Korpi studied photography at New York City's Cooper Union; and in 1988 he received full fellowship at Yale's Norfolk program.

In 1992, Korpi co-developed a clothing and furnishings design firm called Gouda. Their jacket outerwear line, called State to State, became popular enough to be sold at outlets like Sharper Image and Bloomingdales, and were worn in public by people including Barbara Bush and rapper Yo-Yo.

==The Real World==
In May 1992, Korpi was chosen as one of the cast members on MTV's The Real World. The show was filmed in New York City, where Korpi was placed in a loft with six strangers (and his dog Gouda, the namesake of his design firm). His housemates included a female rapper, a fitness model, an alternative music singer and an aspiring dancer from Alabama. Korpi was one of the first openly gay people to appear on television, though the show portrayed him as being bisexual. One of the men Korpi dated was Charles Perez, who would later go on to host a talk show.

==After The Real World==
Korpi has participated in a variety of Real World-related projects, including two seasons of The Real World/Road Rules Challenge.

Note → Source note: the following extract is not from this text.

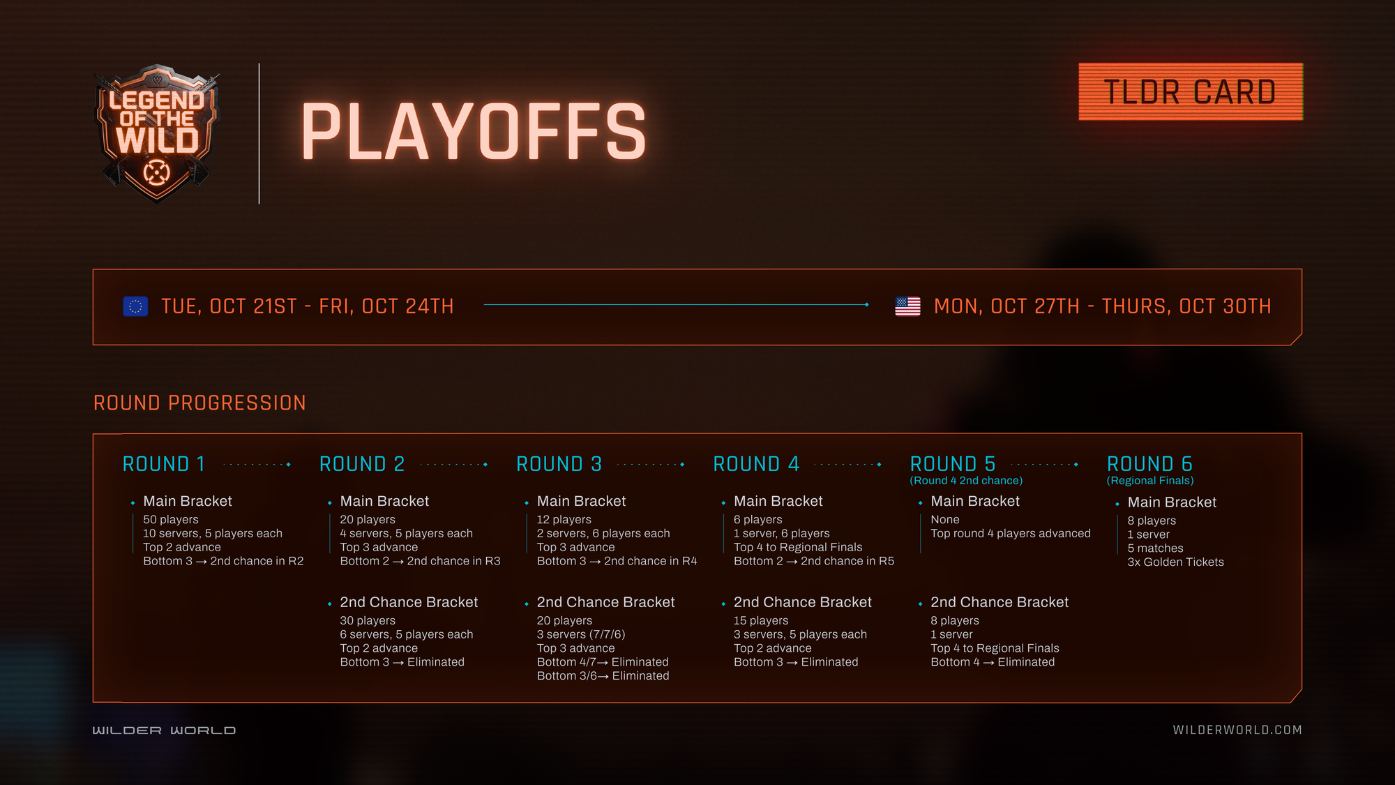 The US Playoffs will follow the week after, running from Monday, October 27th at 6 PM PT / 1 AM UTC through Thursday, October 30th.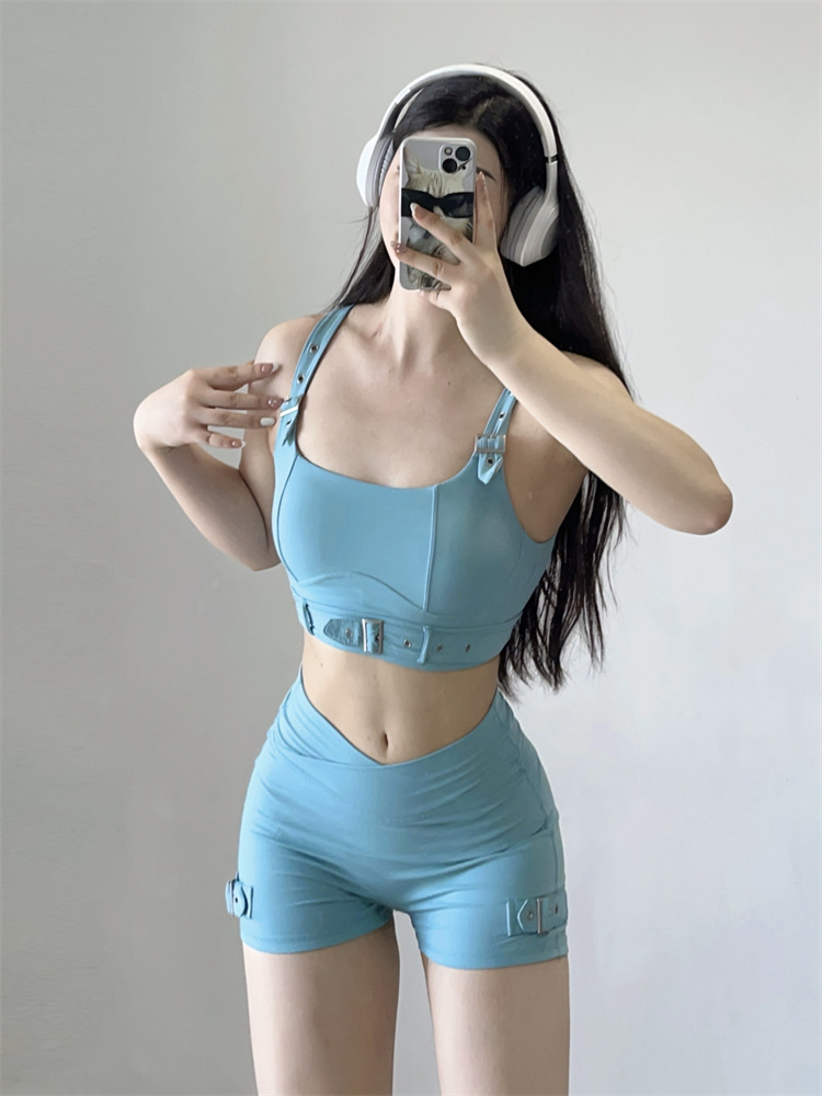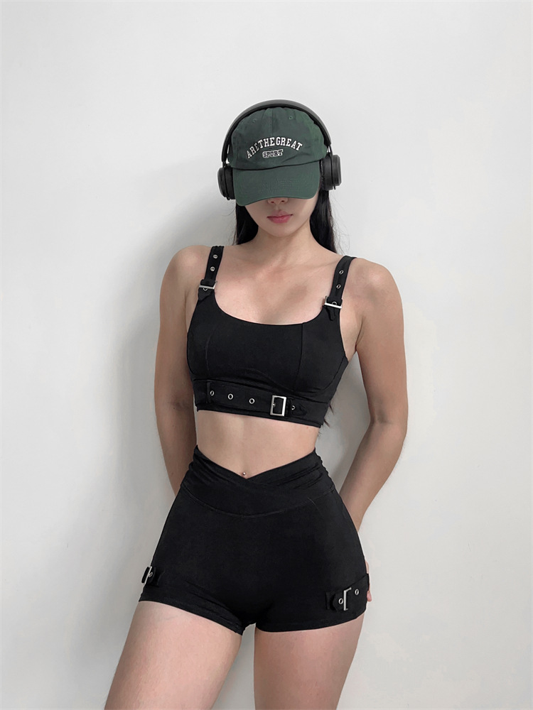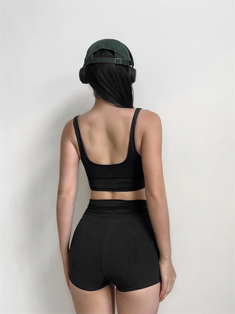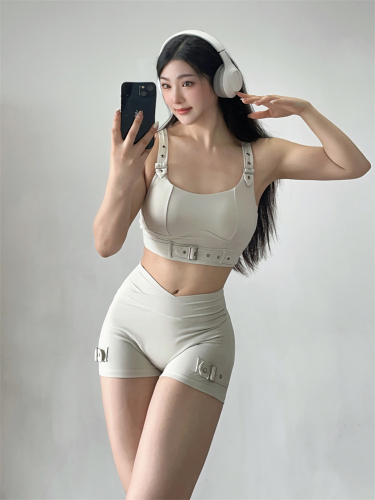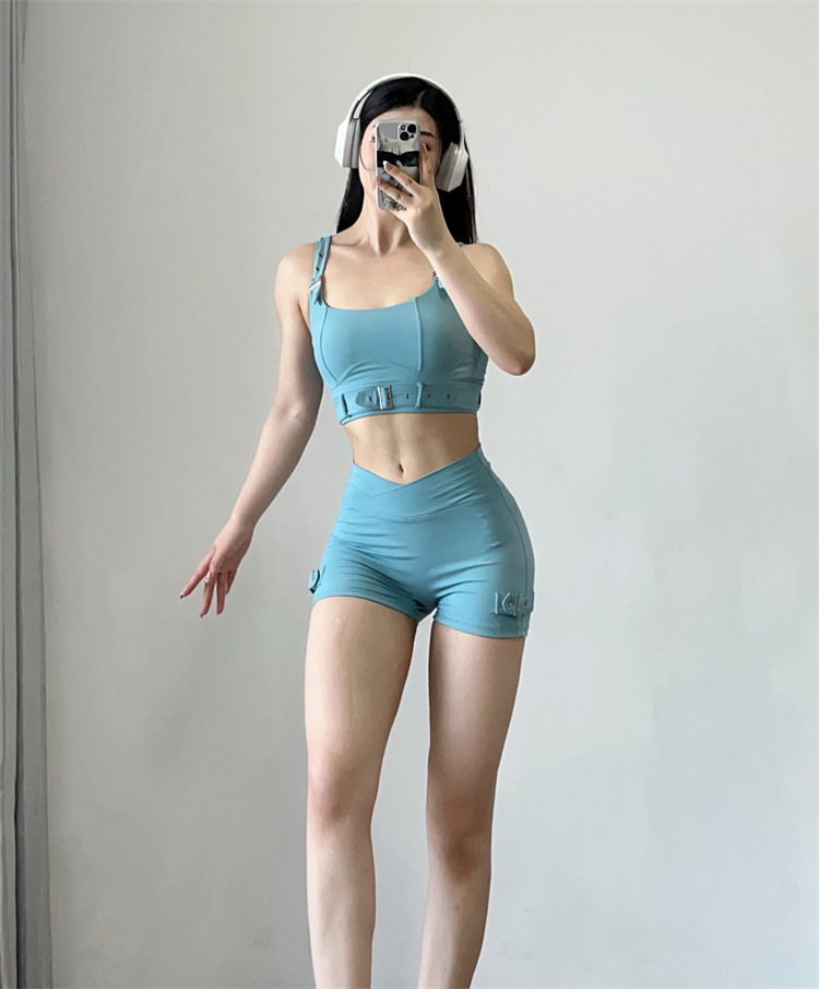 소스 플랜 스포츠 반바지 요가 3 분 바지 조정 가능한 피트니스 의류 세트 가슴 패드 Camisole 1544

He has branched off into commercial design. He began work in advertising and ultimately created Gay Entertainment Television. He has freelanced in production design for numerous television programs, including the Academy Awards.

In 1997, Korpi formed a production company called Fruit Films. Their first project was an independent film called The Wedding Video; it was a mockumentary about Korpi having a gay wedding, and the behind-the-scenes drama that unfolded. It featured many alumni of The Real World. The film was released in 2001.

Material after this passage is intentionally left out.